Querying Spatial Data with PostGIS and ogr_fdw
In my last post, I did a simple intro to foreign data wrappers in PostgreSQL. postgres_fdw is an extension available in Postgres core that allows you to issue queries against another Postgres database. It's just one of many foreign data wrappers that you can use in Postgres, so for today's post we'll look at another that works especially well with spatial data formats: ogr_fdw.

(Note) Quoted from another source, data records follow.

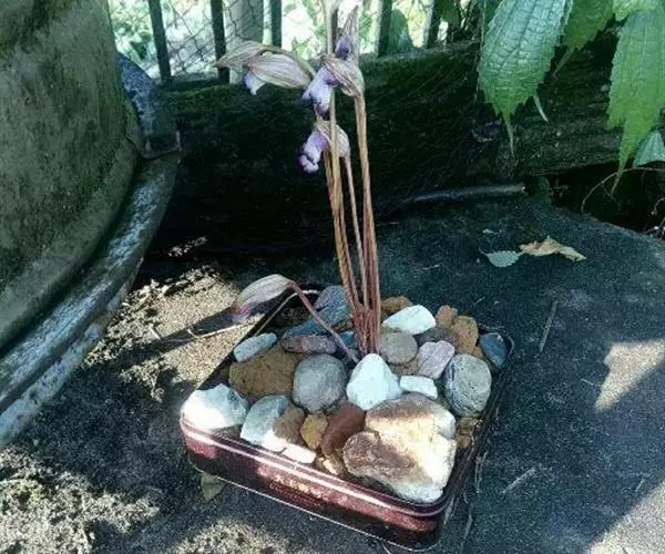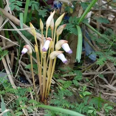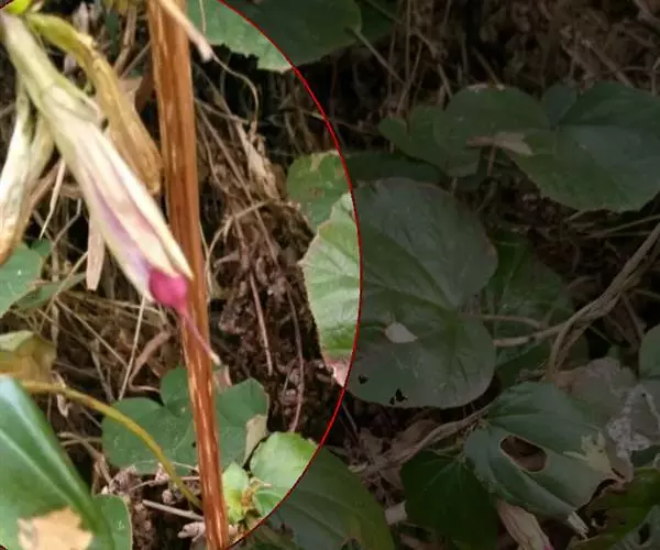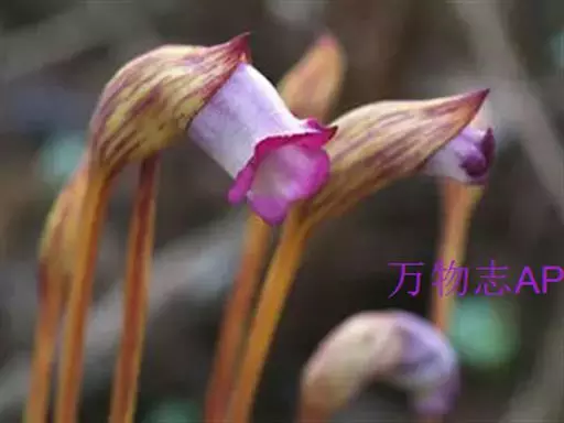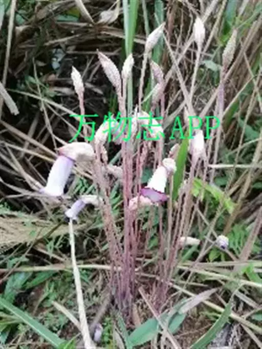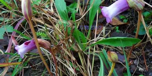 一年生寄生草本,高15-40(-50)厘米。根稍肉质,具树状细小分枝。茎黄褐色或紫红色,不分枝或自近基部处有分枝,偶尔自中部以上分枝。叶肉红色,卵状披针形或披针形,长5-10毫米,宽3-4毫米,两面乡七滑无毛。花常单生茎端,稍俯垂。花梗粗壮,常直立,长10-30(-40)厘米,直径约3毫米,无毛,常具紫红色的条纹。花萼一侧裂开至近基部,长2.5-4.5(-6.5)厘米,紫红色、黄色或黄白色,具紫红色条纹,先端急尖或渐尖,两面无毛。花冠带粘液,常与花萼同色,或有时下部白色,上部带紫色,凋谢后变绿黑色,干时变黑色,长4-6厘米,不明显的二唇形,筒部宽,稍弯曲,在花丝着生处变窄,顶端5浅裂,上唇裂片和下唇的侧裂片较短,近圆形,全缘,下唇中间裂片稍大。雄蕊4枚,内藏,花丝着生于距筒基部1.4-1.5厘米处,长7-9毫米,紫色,无毛,花药黄色,有粘液,成对粘合,仅1室发育,下方一对雄蕊的药隔基部延长成距。子房1室,侧膜胎座4个,横切面有极多分枝,花柱无毛,长1-1.5厘米,柱头膨大,肉质,淡黄色,盾状。蒴果圆锥状或长卵球形,长约2-3厘米,2瓣开裂。种子多数,细小,椭圆形,黄色,长约0.04毫米,种皮网状。花期4-8月,果期8-10月。
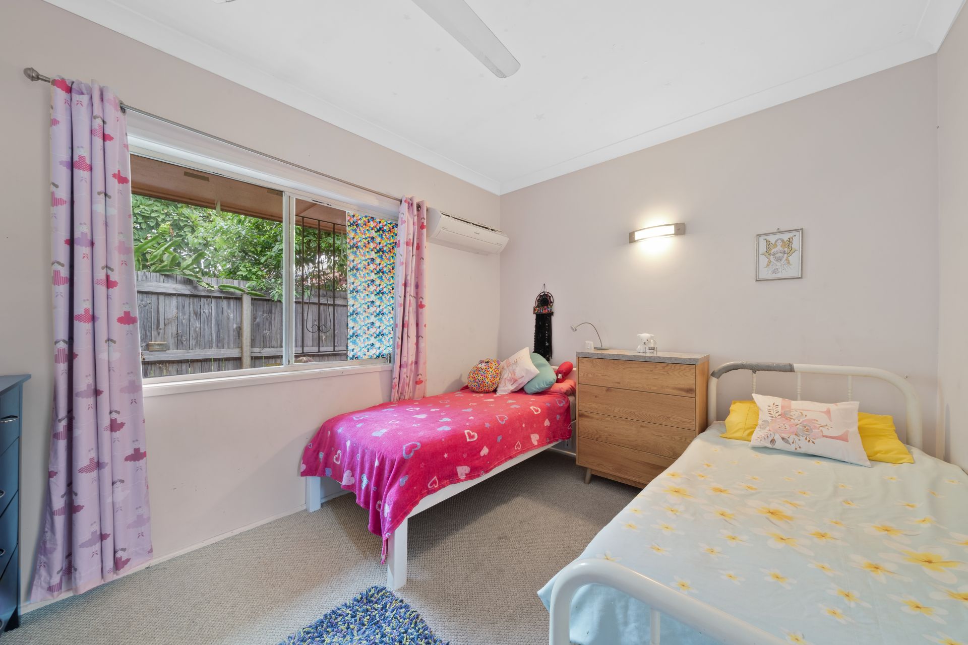 > Bedroom 2 features carpet flooring, Samsung air-conditioning, ceiling fan, wall lighting, sliding windows with fly screens, security grills and curtains.
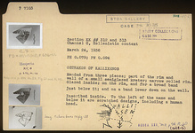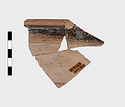 | Description: | Mended from three pieces; part of the rim and wall of a small semiglazed krater; narrow rolled rim. Glazed inside, on the rim, and for a broad band just below it; also on a band lower down on the wall. Inscribed inside. To the left of the name and below it are scratched designs, including a human head: <graphic> | |

I had also previously talked about some different ways to get spatial data into a Postgres/PostGIS database, but the cool thing about foreign data wrappers is that they're an alternative to needing to have everything in the same data store. With spatial data being stored and shared in so many different formats, imagine being able to abstract that conversion away and just focus on analysis. Read on for a couple of quick demos.
Get started with ogr_fdw
Ogr_fdw is a Postgres extension. In order to install it, you have to download your Linux distro package, or use StackBuilder to add it to your Postgres install on Windows. This is what I ran in Ubuntu 20.04:
sudo apt update
sudo apt install postgresql-13-ogr-fdw
You'll also want to make sure you've enabled the PostGIS extension to take advantage of spatial functions and filtering. Otherwise, spatial data will be in bytea format (representing Well Known Binary [WKB] geometries).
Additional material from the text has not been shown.